## Activity
Your task is to write out every line of the data exactly. Drop the pictures.

## Supplied information
------------------------

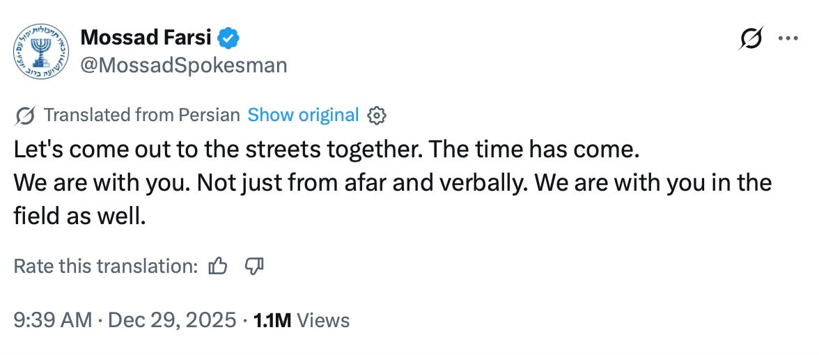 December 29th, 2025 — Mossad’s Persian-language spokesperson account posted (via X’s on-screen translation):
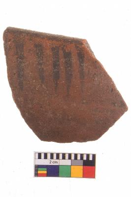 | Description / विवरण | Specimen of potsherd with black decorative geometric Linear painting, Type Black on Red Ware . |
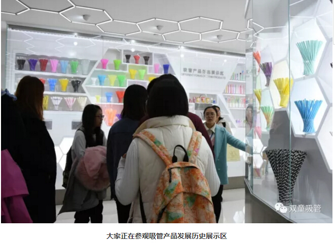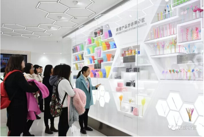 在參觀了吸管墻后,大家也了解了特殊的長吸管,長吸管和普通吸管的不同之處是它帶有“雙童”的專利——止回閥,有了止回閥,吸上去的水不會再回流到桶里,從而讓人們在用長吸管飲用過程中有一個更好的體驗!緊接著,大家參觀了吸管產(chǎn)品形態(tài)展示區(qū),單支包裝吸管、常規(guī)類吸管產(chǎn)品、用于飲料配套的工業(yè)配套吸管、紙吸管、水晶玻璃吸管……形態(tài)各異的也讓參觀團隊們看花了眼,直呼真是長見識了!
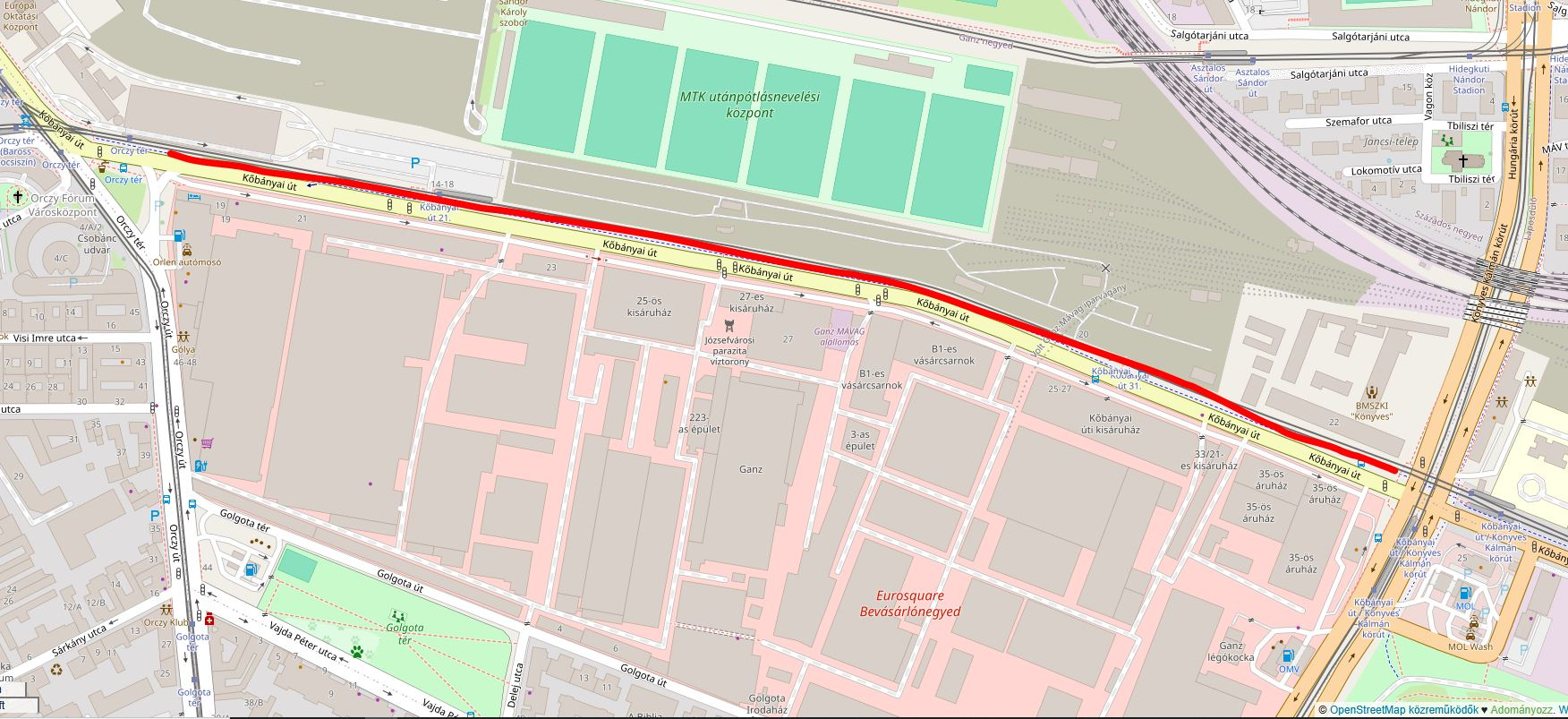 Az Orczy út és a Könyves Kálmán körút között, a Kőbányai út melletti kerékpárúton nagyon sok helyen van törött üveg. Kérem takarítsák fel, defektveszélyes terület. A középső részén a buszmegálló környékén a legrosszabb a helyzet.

------------------------

## Exercise output
 December 29th, 2025 — Mossad’s Persian-language spokesperson account posted (via X’s on-screen translation):
 | Description / विवरण | Specimen of potsherd with black decorative geometric Linear painting, Type Black on Red Ware . |
 在參觀了吸管墻后,大家也了解了特殊的長吸管,長吸管和普通吸管的不同之處是它帶有“雙童”的專利——止回閥,有了止回閥,吸上去的水不會再回流到桶里,從而讓人們在用長吸管飲用過程中有一個更好的體驗!緊接著,大家參觀了吸管產(chǎn)品形態(tài)展示區(qū),單支包裝吸管、常規(guī)類吸管產(chǎn)品、用于飲料配套的工業(yè)配套吸管、紙吸管、水晶玻璃吸管……形態(tài)各異的也讓參觀團隊們看花了眼,直呼真是長見識了!
 Az Orczy út és a Könyves Kálmán körút között, a Kőbányai út melletti kerékpárúton nagyon sok helyen van törött üveg. Kérem takarítsák fel, defektveszélyes terület. A középső részén a buszmegálló környékén a legrosszabb a helyzet.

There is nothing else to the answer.